Damn, that one burns:
Fourteen members of Republican Senate candidate and former Attorney General Adam Laxalt’s family announced Wednesday that they would collectively endorse his Democratic opponent, incumbent Sen. Catherine Cortez Masto, in the heated race for Nevada’s U.S. Senate seat.
The three-page letter, obtained by The Nevada Independent, does not mention Laxalt by name or his Senate campaign, focusing instead on praising Cortez Masto. That includes her positions on women’s issues, opposition to a proposed federal mining tax, public land preservation and her record as the state’s attorney general from 2007 to 2015.
“We believe that Catherine possesses a set of qualities that clearly speak of what we like to call ‘Nevada grit,’” the letter said, adding that “no further comments will be made, as we believe this letter speaks for itself.”
Here’s some more context:
The hard-right politics of Mr.

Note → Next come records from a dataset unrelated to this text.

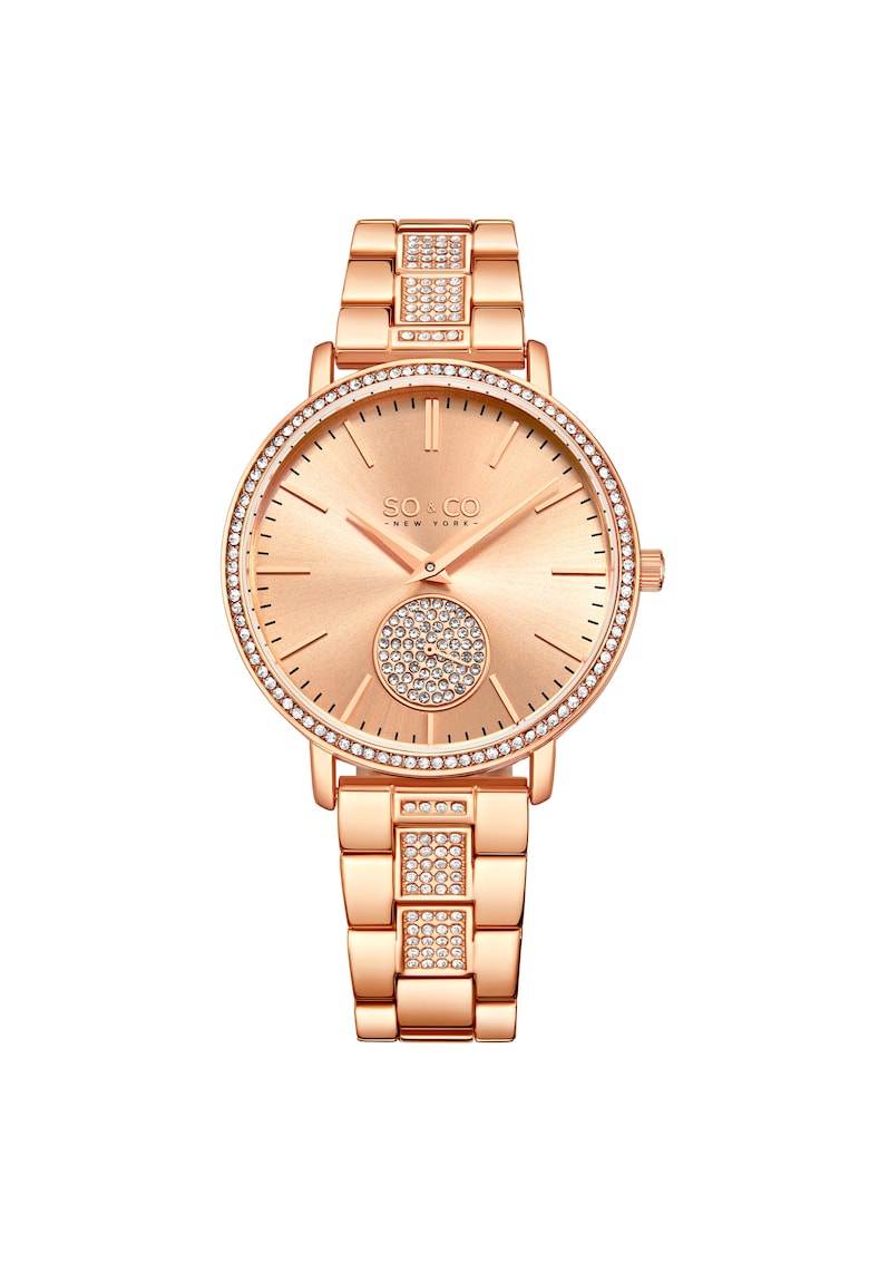 - secunda Rezistenta la apa: 3 atm Cadran Material geam: cristal mineral Culoare cadran: auriu rose Tip citire cadran: fara indici Carcasa Forma carcasa: rotunda Material carcasa: aliaj Culoare carcasa: auriu rose Diametru carcasa: 38 mm Curea/bratara Tip: bratara Material curea/bratara: inox Culoare curea/bratara: auriu rose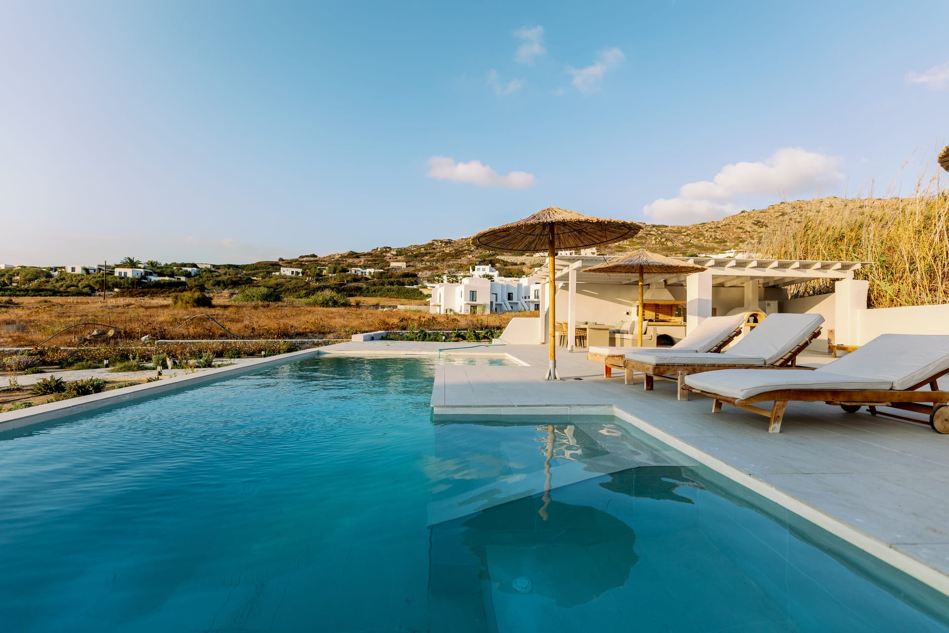 Just steps from the turquoise waters of Orkos, this retreat embodies refined island living. The highlight of Villa Finest Earth is its two thoughtfully designed bathrooms—one with en suite facilities—offering elevated comfort and privacy.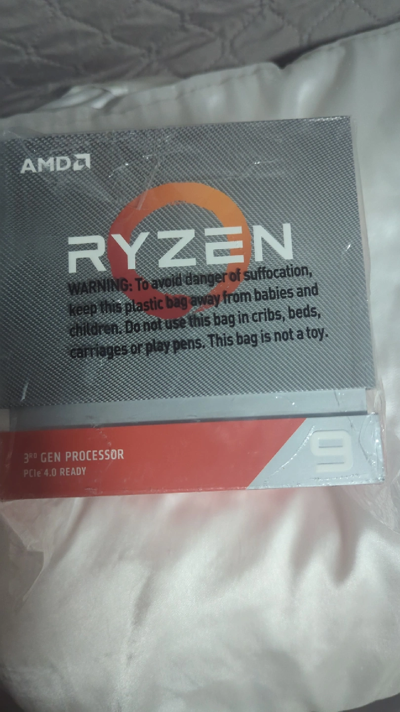 Selling an AMD Ryzen 9 3900X processor. It features 12 cores and 24 threads. The box includes the heat sink fan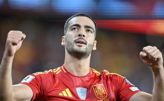 比赛开始不久,格里马尔多的射门被门将没收。随后,巴埃纳在左侧带球内切远射,门将再次把球没收。第17分钟,奥莫罗迪翁在禁区左侧的射门还是被门将化解了。紧接着,佩德里差一点进球,只可惜他的射门击中了横梁。第35分钟,西班牙终于进球了!梅里诺头球接力,把球顶进。半场结束,屡失良机的西班牙1-0领先保加利亚。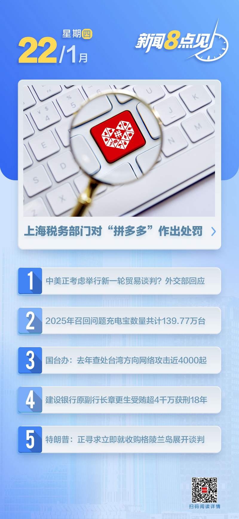 【时政】中美是否正在考虑新的贸易谈判?外交部回应称,外交部发言人郭家坤1月21日组织例行记者会。 彭博社记者:第一个问题,美国贸易代表格里尔昨天在达沃斯表示,美中可能举行新的贸易谈判。他表示,他们可以先会面,然后尝试就非敏感贸易问题达成一些额外协议。中美是否正在考虑新的贸易谈判?如果是的话,会在哪里举行?第二个问题:中方是否会批准英国驻华使馆改建计划?第三个问题是英国首相斯塔默本月是否会访问北京。郭家琨先生:关于第一个问题,如果您有具体疑问,建议您向中国有关主管部门咨询。中美双方应共同落实好两国达成的重要协议为中美经贸合作和世界经济注入更多稳定性和确定性。关于第二个问题,中方一直根据《维也纳外交关系公约》及相关立法的规定,正在办理英国驻华使馆规划申请。目前没有关于您所概述的具体访问的信息。当前国际形势动荡不安。作为安理会常任理事国,中英加强交流与合作绝对符合两国和世界的利益。 (外交部)阅读全文>>> 特朗普总统表示,联合国不应继续存在,但可以由“和平委员会”取而代之。外交部对此作出回应。 1月21日,外交部发言人郭家坤举行例行记者会。有记者问及特朗普总统的表态联合国应该继续存在,但可以由“和平委员会”取代。对此,郭家琨表示,关于“和委会”,中方昨天已就相关问题作出回应。对于联合国,中国始终践行真正的多边主义。无论国际风云如何变化,中国都将坚定维护以联合国为核心的国际体系,坚定维护以国际法为基础的国际秩序,坚定维护以《联合国宪章》宗旨和原则为基础的国际关系基本准则。 (央视新闻)阅读全文>>> 国务院台办:去年台湾发生近4000起网络攻击事件,已查处解决。 1月21日,国台办举行例行记者会。记者提问:民进党官员近日发表所谓“报告”,声称大陆将于2025年对岛上关键基础设施发动“全面网络攻击”。对此有何评论?发言人彭清源表示,民进党当局为了追求政治利益,不惜散布不实谣言,污蔑污蔑大陆,掩盖执政无能,转移民众对民进党的不满,升级两岸矛盾。事实上,民进党当局经常指示军事情报机构和网络单位对大陆进行网络攻击和破坏,传播非法有害信息。据统计,2025年有关部门共调查和应对来自台湾的网络攻击约4000起,较2021年增加25%。他们的行动集中在中国大陆的交通、金融、科技、能源等重点行业实施攻击和窃取机密。 P的所谓“报告”公安机关严厉谴责转移投资犯罪行为。黑色和白色。 (央视新闻)阅读全文>>>上海税务局依法对“拼多多”进行处罚,对“拼多多”处以10万元罚款。 1月21日,记者从国家税务总局上海长宁区税务局获悉,“拼多多”平台主要运营方上海福盟信息科技有限公司因未按照《互联网平台企业报送税务信息规定》规定报送涉税信息,已收到税务机关及时责令改正的通知。尽管该公司已进行整改,但未能在规定期限内完成,故该局决定依法对拼多多处以10万元罚款。 (新华社)阅读全文>>> 2025年召回139.77万块缺陷手机电池 发布会上21日,在国家市场监管总局召开的会议上,记者获悉,国家市场监管总局加大了对缺陷手机电池的召回力度,督促移动电源生产企业2025年分10次召回共计139.77万只。(新华社)阅读全文ta>>>陈东荣获“一级航天功绩奖章”。陈忠瑞先生、王杰先生荣获“航天三等功勋章”。神舟二十号载人飞行任务的圆满成功,凝聚了全军一大批科技人员、航天员、干部职工、指战员的智慧和心血。陈东同志、陈忠瑞同志、王杰同志是优秀代表。他们为党和国家献身,临危不惧,团结奋进,向世界展示了中国的坚强志向、中国的脊梁、中国的坚强意志。希娜的自信。陈东同志执行了3次载人飞行任务,共完成6次出舱活动,成为第一位在轨停留超过400天的中国航天员。陈忠瑞同志意志坚定、勇敢,敢于担当重任,办事细心、细致。它在首次飞行期间成功完成了三次太空行走。王杰同志训练有素,吃苦耐劳,很荣幸入选神舟二十号机组成员,并成功执行任务。为表彰他们在建设我国载人航天事业中取得的突出成就,中共中央、国务院、中央军委决定授予陈东同志“一等航天功勋奖章”,授予陈忠瑞同志、王杰同志“航天英雄”荣誉称号,授予他们“三等航天功勋奖章”。(新华社)阅读全文>>>五司:将在武汉天河国际机场等41个口岸新设免税店。财政部等五部门1月21日发布关于口岸免税店有关事项的通知,宣布在武汉天河国际机场等41个口岸新设免税店。(财政部)阅读全文>>>张中国建设银行原副行长张根生因受贿4064万余元一审被判有期徒刑18年 2026年1月21日,山东省淄博市中级人民法院以受贿罪、非法支出罪一审公开判处中国建设银行原党委委员、副行长张根生有期徒刑18年。根生被判处有期徒刑13年和罚款。因受贿罪400万元,被判处有期徒刑10年,并处罚金10万元。被判处有期徒刑18年,并处罚金10万元。 410万元人民币。张根生通过受贿取得的资产和利益将依法追缴上缴国库,赤字部分继续追缴。经审理,发现其非法收受财产共计4064万余元。 (央视新闻)阅读全文>>> 【本地】北京经济总量突破5万亿元。 1月21日,北京发布年度经济运行情况。根据地区生产总值统一测算结果,预计2025年北京地区生产总值按可比价格计算将达到520734万元,比上年增长5.4%。北京经济总量突破5万亿元。 (新京报)阅读全文>>>北京西站将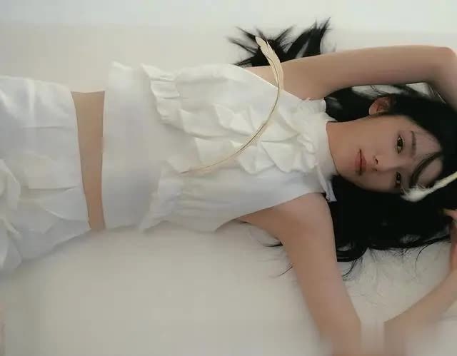 眼妆和唇妆更是把 “克制” 做到了极致。眼妆没有夸张的眼线和亮片,只在眼尾用极淡的大地色做了细微加深,睫毛刷得根根分明,悄悄放大了双眼,让眼神更有穿透力,却又完全不抢戏;唇妆选的是低饱和的裸粉调,几乎贴近原生唇色,只悄悄提了气色,让整个妆面干净又温柔,和白裙的清新调性完美契合,纯净不寡淡,灵动不刻意。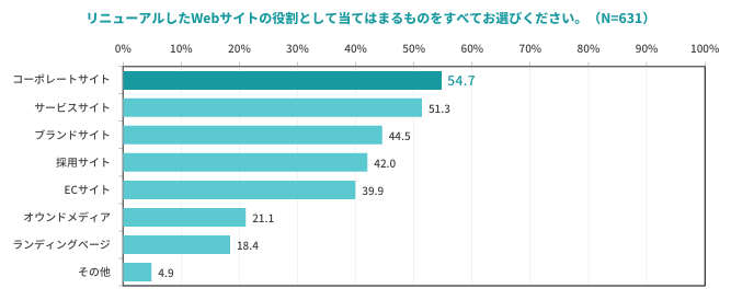 リニューアルしたホームページの役割として、コーポレートサイト(54.7%)やサービスサイト(51.3%)のみならず、ブランドサイト(44.5%)や採用サイト(42.0%)も高い割合を占めています。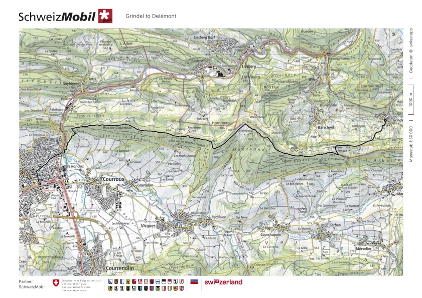 | Grindel to Delémont | Difficulty: T1 (Hiking Trail) Length: 15.4 km Duration: 4:50 h Ascent/Descent: 696m/859m |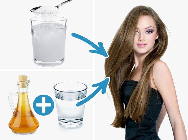 Misture 9 colheres de água com 3 de bicarbonato de sódio aplique o resultado nos cabelos, incluindo a raiz. Massageie o couro cabeludo. Depois, aplique uma mistura de água e vinagre de maçã. Massageie e enxágue. Esse procedimento deixa o cabelo mais brilhante e saudável.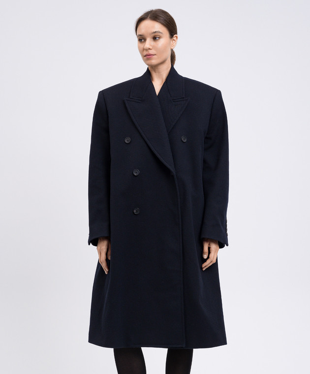 Синє двобортне пальто з вовною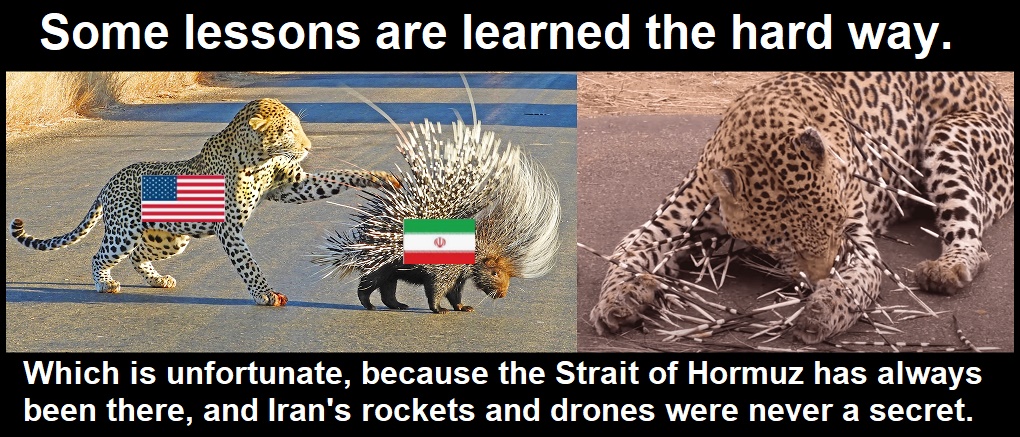For the record, I am not pro-woodchipper, or pro-porcupine, or pro-Iran. I am trying to keep the potentially coming Great Energy World War sea battles in the realm of reality, and not a recurring fantasy of our Navy’s glory days of WW2.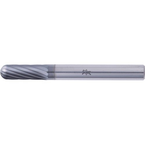 El dentado 3 con el recubrimiento de alta calidad HICOAT HC-FEP es especialmente adecuado para el mecanizado con arranque de virutas de hierro fundido, acero, acero inoxidable (INOX), así como aleaciones con base de níquel y titanio. Se caracteriza por una buena capacidad de arranque de material. Además, facilita una mayor vida útil para las herramientas y permite su uso en el nivel de revoluciones de corte más alto en comparación con las fresas sin recubrimiento. Fresa de forma cilíndrica redonda según DIN 8032 con dentado según DIN 8033. Combina las geometrías cilíndrica y esférica.

Laxalt, 44, a former state attorney general, stand in sharp contrast to the relative moderation of his Republican grandfather, Paul Laxalt, who died in 2018, and Wednesday was not the first time family members have sought to hobble his political ambitions.
Back in 2018, when he ran for governor, a dozen members of Adam Laxalt’s family decided they could no longer quietly stand by what they saw as his abuse of the family patriarch’s good name. Writing in the Reno Gazette Journal in October 2018, they decried Mr. Laxalt as a carpetbagger, denouncing what they described as his “ethical shortcomings” and “servitude to donors and out-of-state interests that puts their concerns ahead of real Nevadans.”
“For those of us who were actually raised in Nevada, it’s difficult to hear him continue to falsely claim that he was raised in Nevada or has any true connections to Nevadans,” they wrote.
Though he was born in Reno, Mr. Laxalt was raised by his mother in Washington, D.C., where he attended private schools and earned undergraduate and law degrees from Georgetown University.
He returned a few years before his successful campaign for attorney general in 2014. Once in office, he proved eager to pick fights with more moderate Nevada Republicans on issues like immigration and abortion, and he was caught on tape pressuring state gambling officials on behalf of one of his biggest donors, the casino magnate Sheldon Adelson.